Page 151
Story: Empire of Shadows
Her companion stopped a few steps later. He tilted his head, carefully focused and listening. Ellie did the same, tuning her ears to the layered sounds of the night which surrounded them.
There weren’t many. The air had gone uncomfortably still. Not even the pines were whispering. There was only a very distant murmur of the water from the stream back at camp, and something else that just scratched at the corner of Ellie’s awareness. Her mind identified the sound a moment later—as a ragged, uneven breath.
Ellie whirled toward it. She pushed through some scrubby underbrush with her lantern held up before her.
The glow spilled across the source of the scream that had brought them there.
One of Jacobs’ guards lay spread-eagled on the ground, starkly revealed in the light of her lantern. His eyes were wide and white in his blood-splattered face as they stared blankly up at the motionless pine branches overheard.
Flowers muttered a curse and made a quick sign of the cross.
“Who is it?” Ellie asked, instinctively lowering her voice in the face of what lay before them.
“Rhynie,” Flowers said darkly. He picked up the man’s discarded rifle and swung it across his back.
There were wounds in both of Rhynie’s shoulders.
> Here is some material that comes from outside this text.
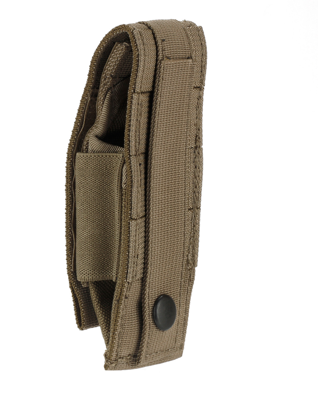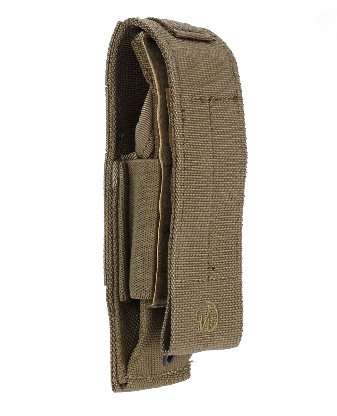 这款大型尼龙MOLLE系统皮套背面配有按扣织带,可用于固定工具。固定织带可收纳MUT配件扳手。皮套正面印有Leatherman标志,采用魔术贴封口,内部面板可存放备用批头。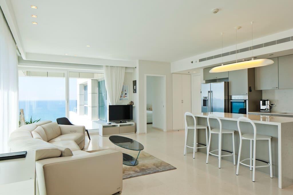 Banana Beach veya Carmel pazarından her 2 dakikada bir yürüyerek, market çantalarınızla/mayolarınızla eve döndüğünüzde, deniz manzaralı dairenize girer, ıslak eşyalarınızı balkona asar, açık havada güneş duşu veya içeride sıcak bir masaj duşu kullanır, ardından biraz şarap yudumlar, ayaklarınızı güvertede veya stüdyoda HD geniş ekranda en sevdiğiniz filmleri izlersiniz. Daire binanın arka tarafında, bu yüzden geceleri duyduğunuz en yüksek sesler çoğunlukla bu seviyedeki dalgalardır.

The rents in the fabric of his shirt revealed the torn skin beneath… but it was the two puncture wounds in his forehead that had clearly been the reason he had stopped screaming.
The twin holes were each about an inch wide. They were terribly deep and red.
“What could possibly have done this?” Ellie whispered roughly as her stomach twisted.
The answer slid into her mind in an echo of Adam’s joking voice as he reported Padre Kuyoc’s words from the night before.
There are monsters there that bite people’s skulls.
The memory—coupled with the horror that lay before her—sparked a quick, cold fear.
But there is no such thing as monsters, Ellie reminded herself firmly.
“He didn’t shoot,” she pointed out, swallowing thickly.
The sound of a rifle discharge would certainly have been audible from where she and Flowers had been sitting.
“No,” Flowers agreed, scanning the darkness around them with his rifle ready in his hands. “He did not.”
Something whispered against the back of Ellie’s neck—an abrupt breeze which tickled the fine hairs there. A strange sound brushed at her ears from beyond the shadowy undergrowth behind her. It was a familiar sound, and yet so out of place that she struggled to fix it in her mind.
Her attempts to do so were quickly drowned out by the crashing, hurried arrival of more men from the camp.
Jacobs appeared first. He moved far more quickly and quietly than the companions who emerged from the shadows behind him. Ellie recognized Bones, the expedition foreman, with two more of the armed guards. Dawson trailed along at the rear, looking around himself nervously with his shoulders hunched.
The professor startled with a barely contained squeak as Adam stepped silently from the trees beside him.
Staines hurried in his wake, carrying his rifle in his hands.
“I told the bakra to stay in the camp, but he doesn’t listen to me,” Staines complained. “How do I know if I’m supposed to shoot him for that?”
Jacobs ignored him. His eyes flashed thoughtfully from Ellie and Flowers to the corpse.
“Coming through. ¡Abran paso!” Velegas ordered. The tracker pushed past the two guards who had arrived with Jacobs and now gaped at their fallen colleague with drained faces.
Velegas knelt down at the dead man’s side. He whipped a clean handkerchief from his pocket and touched gently at the wounds.
“More light,” he ordered.
Ellie realized that she was the one with the lantern. She moved in closer, turning up the wick to provide him with more illumination.
Velegas frowned under his gray mustache.